WHAT THE TASK ASKS:
Omit every picture. Return all other data as it stands.

THE INPUT:
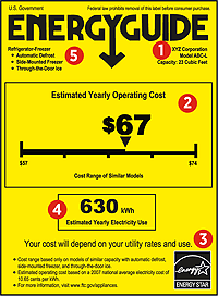 | Energy Guide Label S.B. | Yellow sticker, required by law, which allows a consumer to compare the yearly cost to operate an appliance. |
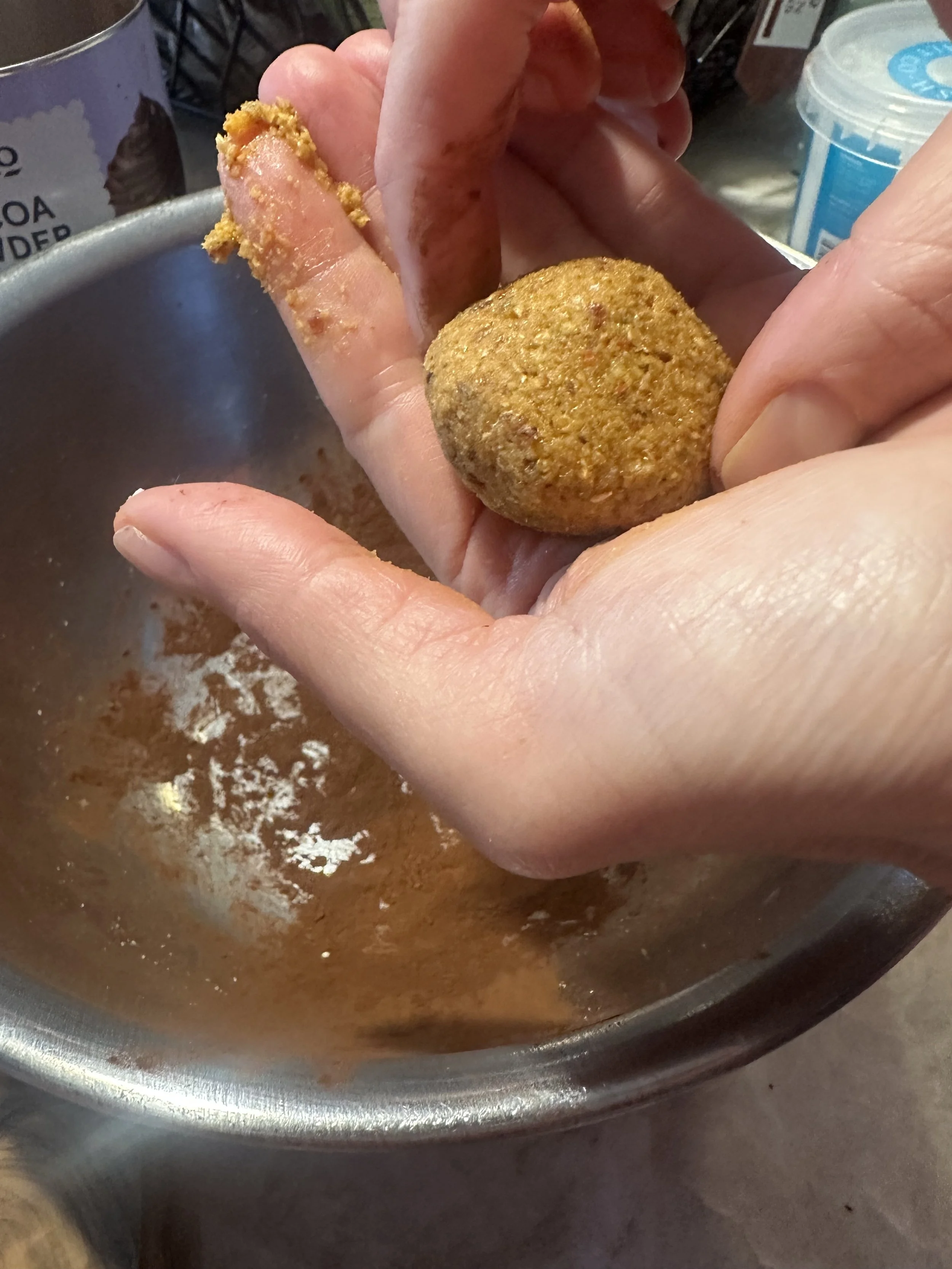 Remove from fridge and roll the balls in unsweetened cocoa powder.
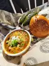 Smoked brisket is the bomb! Tender like butter, just the right amount of smoke, and terrific flavor. Same with the chili, homemade pickles and beans. No knives needed meat melts in your mouth. What a find! Cocktails and shooters are terrific too!
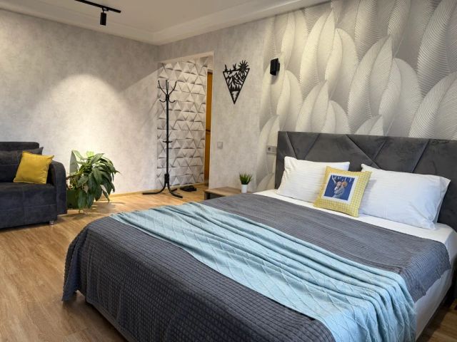 Стилизованная студия в центре города с двухспальной кроватью. Укомплектована всем необходимым для проживания 2 человек. Жд вокзал, остановки общественно транспорта в направлениях городов кмв, общепит, парк культуры и отдыха, все в шаговой доступности. Такси до аэропорта им. М. Ю. Лермонтова - 15 минут.
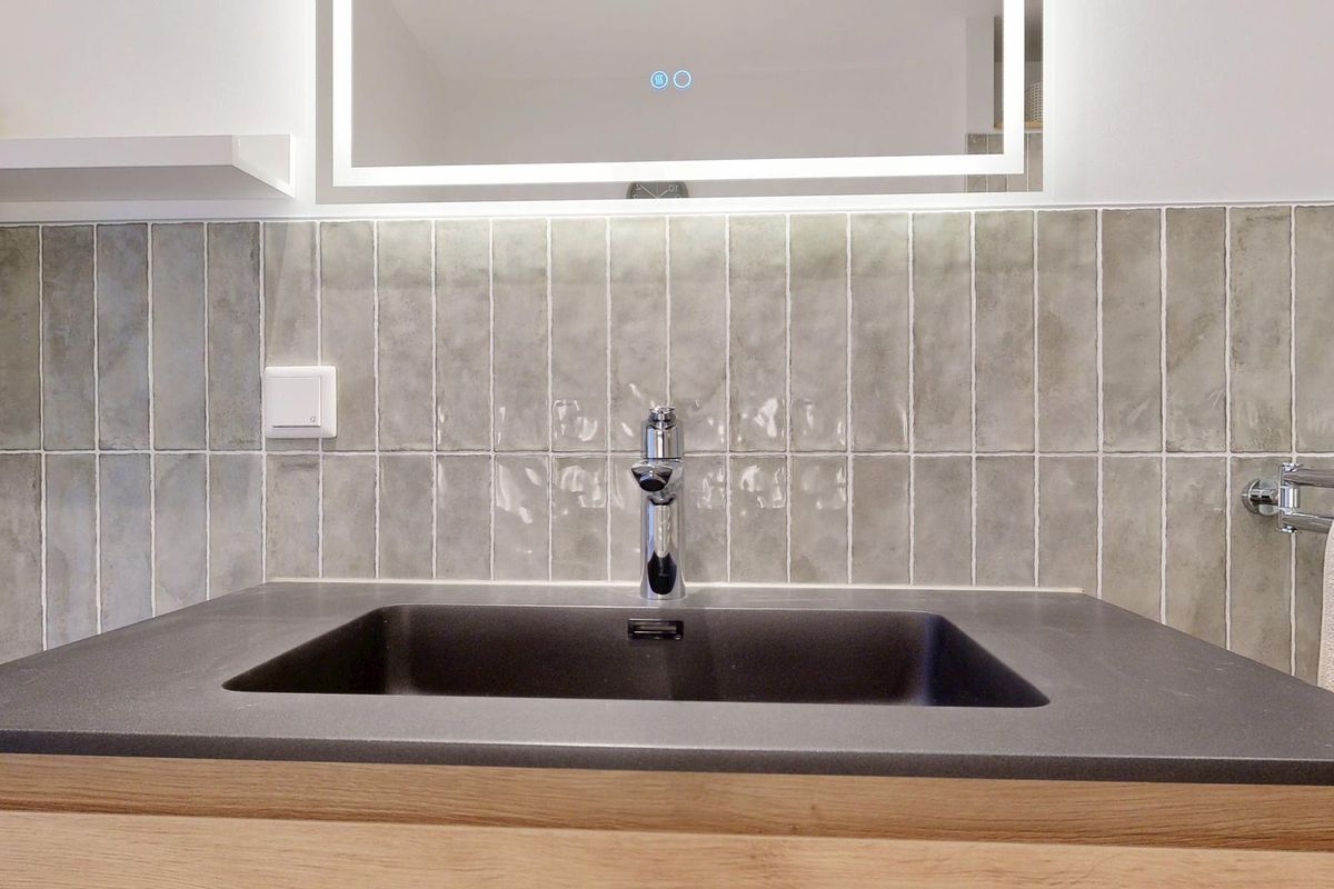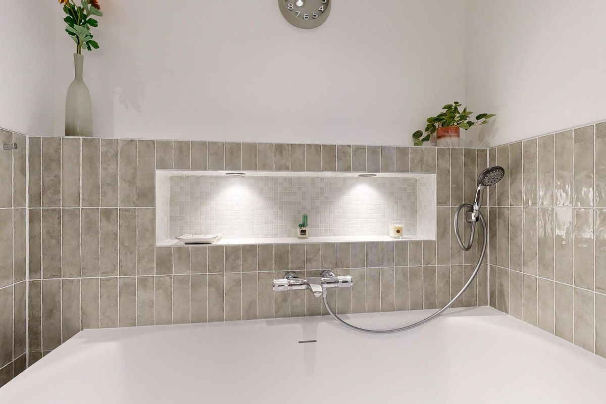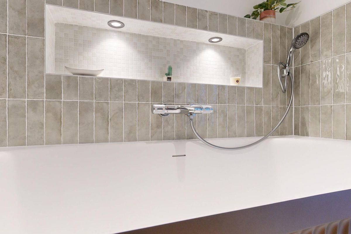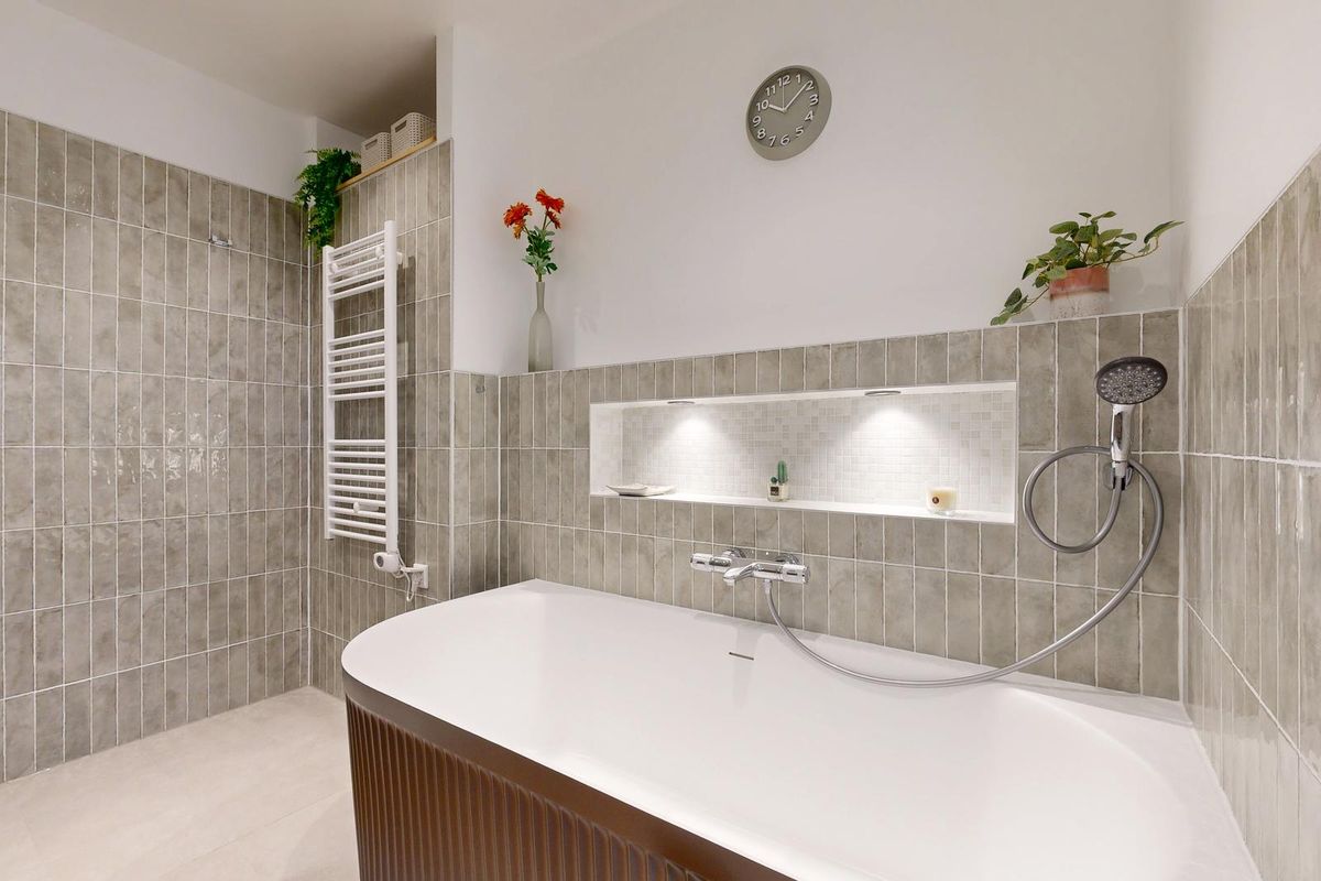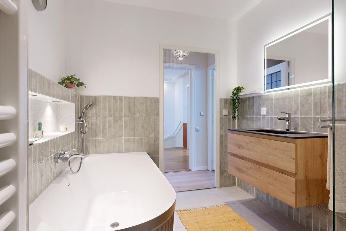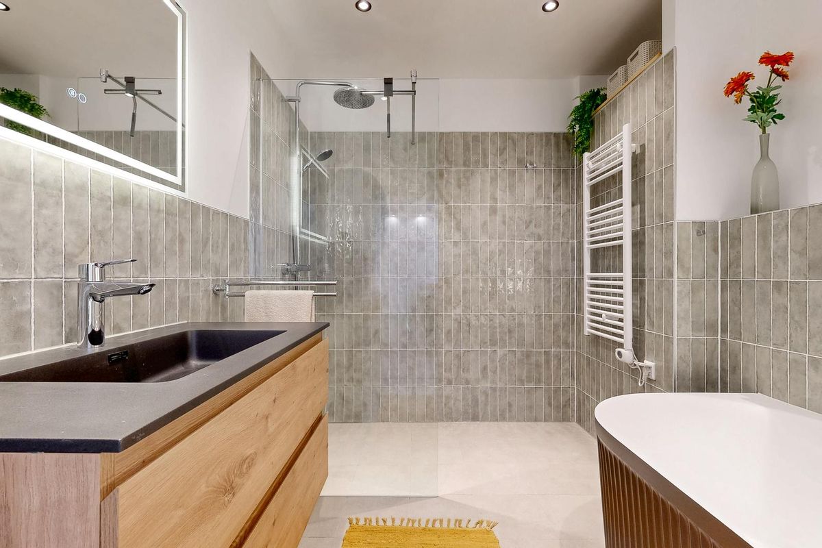 De tweede badkamer (2025) ademt luxe en wellness, met een ligbad, ruime inloopdouche en een stijlvol houten wastafelmeubel met verwarmde spiegel.

SOLUTION TO THIS TASK:
 | Energy Guide Label S.B. | Yellow sticker, required by law, which allows a consumer to compare the yearly cost to operate an appliance. |
 Remove from fridge and roll the balls in unsweetened cocoa powder.
 Smoked brisket is the bomb! Tender like butter, just the right amount of smoke, and terrific flavor. Same with the chili, homemade pickles and beans. No knives needed meat melts in your mouth. What a find! Cocktails and shooters are terrific too!
 Стилизованная студия в центре города с двухспальной кроватью. Укомплектована всем необходимым для проживания 2 человек. Жд вокзал, остановки общественно транспорта в направлениях городов кмв, общепит, парк культуры и отдыха, все в шаговой доступности. Такси до аэропорта им. М. Ю. Лермонтова - 15 минут.
 De tweede badkamer (2025) ademt luxe en wellness, met een ligbad, ruime inloopdouche en een stijlvol houten wastafelmeubel met verwarmde spiegel.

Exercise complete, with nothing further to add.